AP · Inference for the Difference in Two Population Means · 14 min read · Updated 2026-05-10

Inference for the Difference in Two Population Means — AP Statistics Study Guide

For: AP Statistics candidates sitting AP Statistics.

Covers: Conditions for two-sample t-inference, confidence intervals for the difference of two independent population means, two-sample t-hypothesis tests, pooled vs. unpooled variance, and distinguishing independent two-sample inference from matched pairs inference.

You should already know: Confidence intervals and hypothesis testing for a single population mean; properties of the t-distribution; basics of random sampling and experimental design.

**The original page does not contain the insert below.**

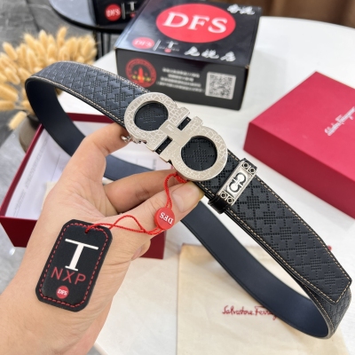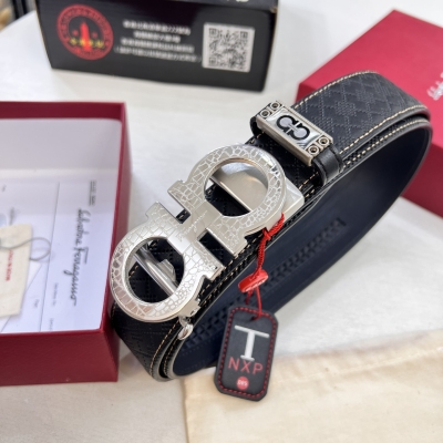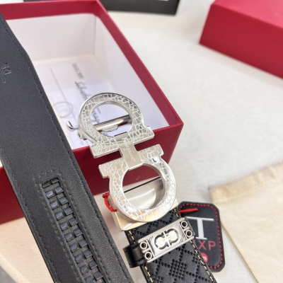 实物拍摄,菲拉格慕自动系列男士皮带,ZP开模制作 8字斜切纹穿精钢五金,商务皮带 ,进口小菲拉格慕编织花纹头层牛皮 ,自动划牙,宽度3.5 cm。 顶级质量支持验货,品质如图,认准免税店包装防伪NXP 芯片感应入官网,

A note on the practice questions: All worked questions in the "Practice Questions" section below are original problems written by us in the AP Statistics style for educational use. They are not reproductions of past College Board / Cambridge / IB papers and may differ in wording, numerical values, or context. Use them to practise the technique; cross-check with official mark schemes for grading conventions.

1. What Is Inference for the Difference in Two Population Means?

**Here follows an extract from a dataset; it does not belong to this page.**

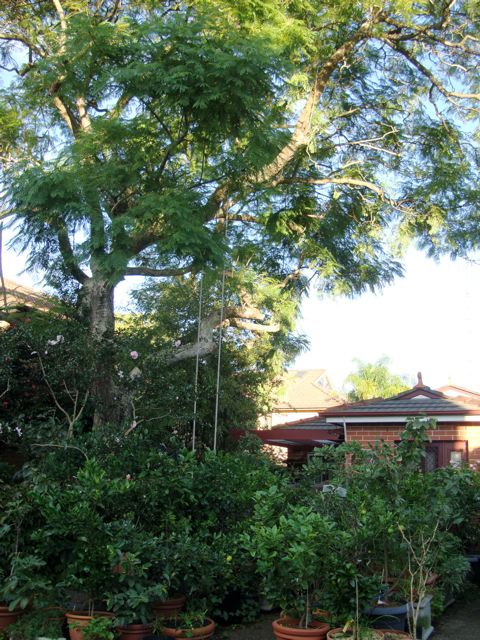 My entire garden is in shade now most of the day. The jacaranda is probably best if you had to have a giant tree - it loses all its leaves in spring then loses all the flowers before putting on new leaves so there is an interval when light comes through. Also, it contribute mulch and offers protection during the hottest days. Under this giant I still get plenty of fruit, though perhaps less than optimum.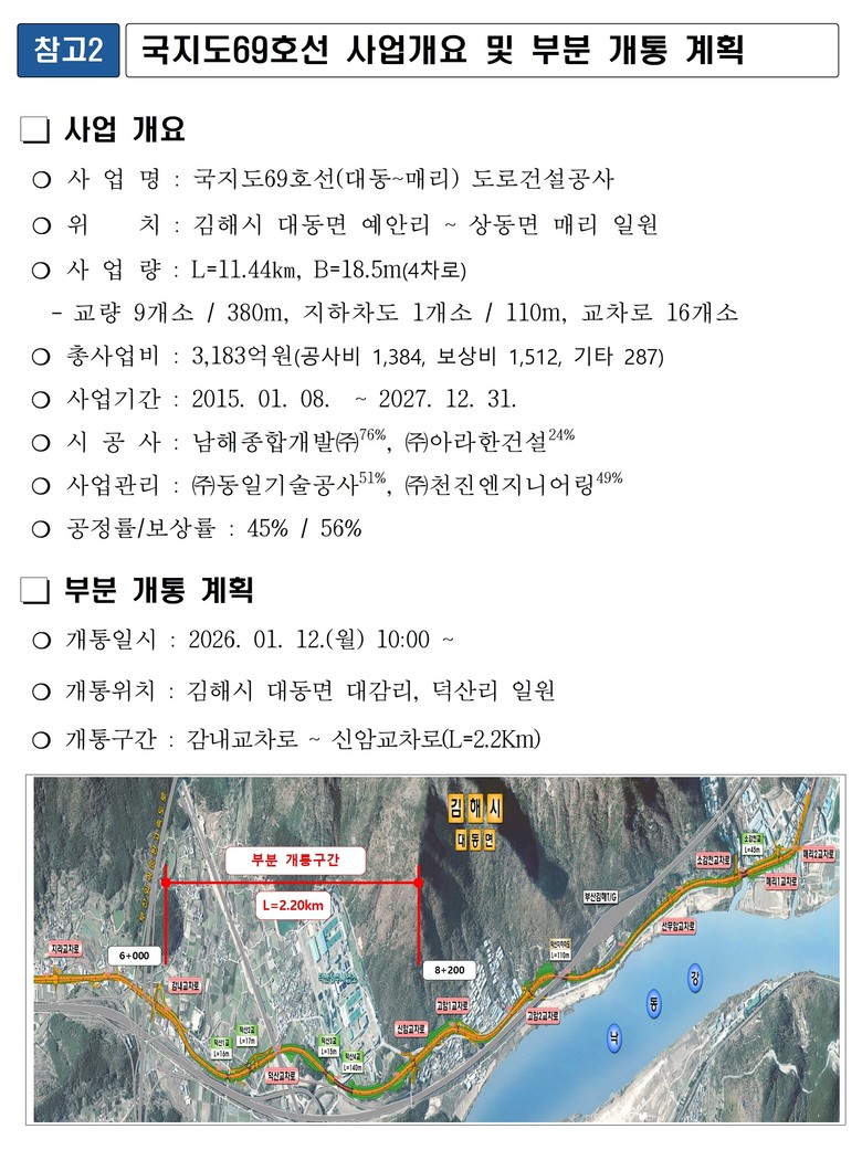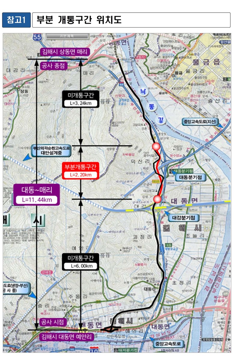 [경남 세계타임즈=최성룡 기자] 경상남도(도지사 박완수)는 오는 12일 오전 10시부터 ‘김해 대동~매리간 도로건설공사’ 구간 중 시공이 완료된 김해시 대동면 대감리 감내교차로~덕산리 신암교차로 2.2km 구간을 부분 개통한다고 밝혔다.

Inference for the difference in two population means (often called two-sample t-inference for means) is a set of statistical methods to compare the true mean values of a quantitative variable across two distinct populations. This topic makes up approximately 4-5% of the total AP Statistics exam score, as part of Unit 7 (Inference for Quantitative Data: Means), which accounts for 12-15% of total exam score. It appears regularly in both multiple-choice (MCQ) and free-response (FRQ) sections, and often forms the core of a 3-5 point FRQ question.

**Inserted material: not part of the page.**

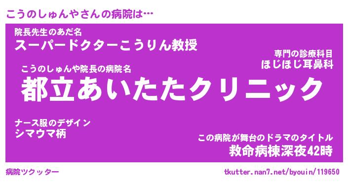 | 肩書あだ名 | 『こうのしゅんや御曹司』 |

Standard notation is used consistently on the AP exam: $μ_{1}$ and $μ_{2}$ are the unknown true population means for the two groups, $\overset{x}{ˉ}_{1}$ and $\overset{x}{ˉ}_{2}$ are the sample means calculated from observed data, $s_{1}$ and $s_{2}$ are sample standard deviations, and $n_{1}$ , $n_{2}$ are the sample sizes for each group. We almost always focus on inference for $μ_{1} - μ_{2}$ , the true difference between the two population means. This topic only applies when the two samples are independent—meaning no observation in one group is linked to a specific observation in the other group.

2. Conditions for Two-Sample Inference

Before conducting any inference for the difference in two population means, you must verify three core conditions to ensure your sampling distribution is well-behaved and your results are valid. The three conditions are:

Random: Both groups must be independent random samples from their respective populations, or come from a randomized comparative experiment with two treatment groups. This ensures the sampling distribution is unbiased.
Independence: Individual observations within each sample must be independent of one another. For sampling without replacement, this means the 10% condition holds: the sample size for each group is less than 10% of the total population size.
Normal/Large Sample: The sampling distribution of $\overset{x}{ˉ}_{1} - \overset{x}{ˉ}_{2}$ must be approximately normal. This is satisfied if either: (a) both sample sizes are at least 30 (by the Central Limit Theorem), or (b) for smaller sample sizes, the distribution of each sample has no extreme outliers or strong skew, so the sampling distribution of the sample mean will still be approximately normal.

AP exam questions almost always require you to name and verify each condition to earn full credit, so it is critical you do not skip this step.

Worked Example

Problem: A high school counselor wants to compare the mean number of hours students spend on extracurricular activities per week between students who live on campus and students who commute. She obtains a random sample of 27 boarding students and 32 commuter students from the school’s large student body. The distribution of weekly extracurricular hours for boarding students is approximately symmetric with no outliers; the distribution for commuters is also roughly symmetric with no outliers. Are all conditions for inference met?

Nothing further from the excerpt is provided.